Note that Naked Wines is a publicly traded UK company (founded in 2008), with a location based in Napa, California.
Naked Wines – An app that enhances the experience
In short, the Naked Wines app is excellent and, again, surprised me. Here’s some screen shots from the iOS version:
Navigating across different wines is fun and intuitive. Dive in and you can learn how to age a particular wine (up to 5 years suggested for the Michaud), serve the wine (acid of a Riesling more pronounced when cooler), and, you guessed it, pair the wine with food (for the Michaud Riesling that would be spicy Asian or cheese and crackers or oysters — or all of the above!).
In addition you can learn about the winemakers you’re supporting. In this case Kay and Justin Michaud, “two of Washington’s most talented young winemakers.”
And you can also read reviews. 91% of 803 customers would buy the Michaud again. So would I. Angels pay $10.99 versus $17.99 normal retail. By Columbia Valley Riesling standards, an excellent value.
The other thing worth pointing out about the Naked Wines app is that you can setup your own personal tasting profile.
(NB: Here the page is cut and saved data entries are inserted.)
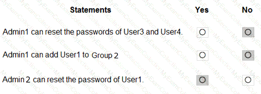 You need to modify the settings of the User administrator role to meet the technical requirements. Which two actions should you perform for the role? Each correct answer presents part of the solution. NOTE: Each correct selection is worth one point.
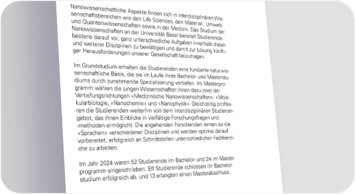 Studium Nanowissenschaften: Vielfältig, anspruchsvoll und aktueller denn je Nanowissenschaftliche Aspekte finden sich in interdisziplinären Wis- senschaftsbereichen wie den Life Sciences, den Material-, Umwelt- und Quantenwissenschaften sowie in der Medizin. Das Studium der Nanowissenschaften an der Universität Basel bereitet Studierende bestens darauf vor, ganz unterschiedliche Aufgaben innerhalb dieser und weiterer Disziplinen zu bewältigen und damit zur Lösung künfti- ger Herausforderungen unserer Gesellschaft beizutragen. Im Grundstudium erhalten die Studierenden eine fundierte naturwis- senschaftliche Basis, die sie im Laufe ihres Bachelor- und Masterstu- diums durch zunehmende Spezialisierung vertiefen. Im Masterpro- gramm wählen die jungen Wissenschaftler:innen dazu zwei der Vertiefungsrichtungen «Medizinische Nanowissenschaften», «Mole- kularbiologie, «Nanochemie» und «Nanophysik». Gleichzeitig profitie- ren die Studierenden weiterhin von dem interdisziplinären Studienan- gebot, das ihnen Einblicke in vielfältige Forschungsfragen und -methoden ermöglicht. Die angehenden Forschenden lernen so die «Sprachen» verschiedener Disziplinen und werden optimal darauf vorbereitet, erfolgreich an Schnittstellen unterschiedlicher Fachberei- che zu arbeiten. Im Jahr 2024 waren 52 Studierende im Bachelor- und 24 im Master- programm eingeschrieben. Elf Studierende schlossen ihr Bachelor- studium erfolgreich ab, und 13 erlangten einen Masterabschluss. 12 SNI-Jahresbericht 2024
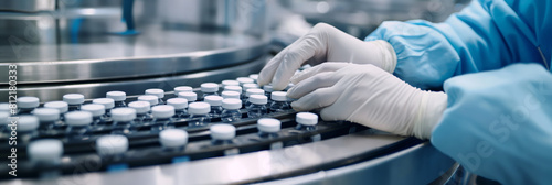 Precision meets safety. A person in gloves works on a machine in a laboratory. Generative AI
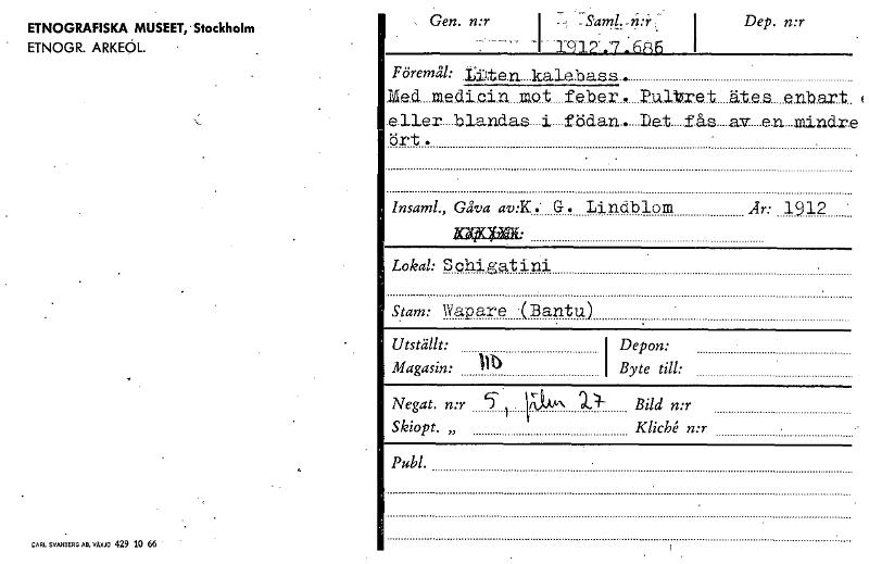 • ETNOGRAFISKA MUSEET, Stockholm ETNOGR. ARKEOL. D Gen. n:r ep. n:r — Föremål: ri)ten kalebass. Bed medicin mot feber. Pultret ätes enbart eller blandas I födan. Det fas av en mindre ört . Insaml., Gåva... Visa hela
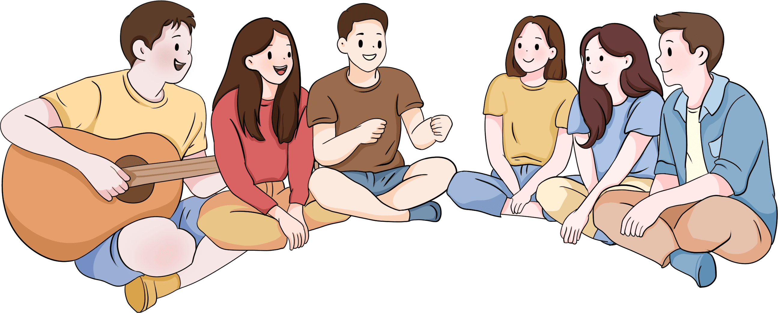 vip1简约文艺风 企业团建 小串灯花草帽子松树地图吉他 六个人坐在草地上交谈模板

Tell it the sorts of flavors you enjoy and over time as the profile builds you’ll get personalized recommendations.
Overall the app is well integrated into the wine discovery experience. Thumbs up.
Naked Wines – The competition
Obviously there’s lots of competition when it comes to wine. Retail, winery direct and wine clubs, and wine aggregators and intermediators similar to Naked Wines. Sure enough, my Facebook feed soon filled up with sponsored ads for other wine clubs, like Firstleaf and The California Wine Club:
Naked Wines – Definitely recommended
Net-net I recommend Naked Wines.
Just be aware on that first order you’ll automatically be signed up as an “Angel” and committed to a monthly subscription. Based on their wines so far that might not be a bad thing if you enjoy reasonably priced West Coast wines on a recurring basis. Or, you can do as I did (for now), and cancel out of that — the onus, though, is on you to do so. My plan is to work my way through the initial shipment of six wines and then reassess from there.
I look forward to diving deeper into Naked Wines for more chilled whites to enjoy during summer here in the Bay Area. I admit, I came in a skeptic. In the end, the value and experience won me over.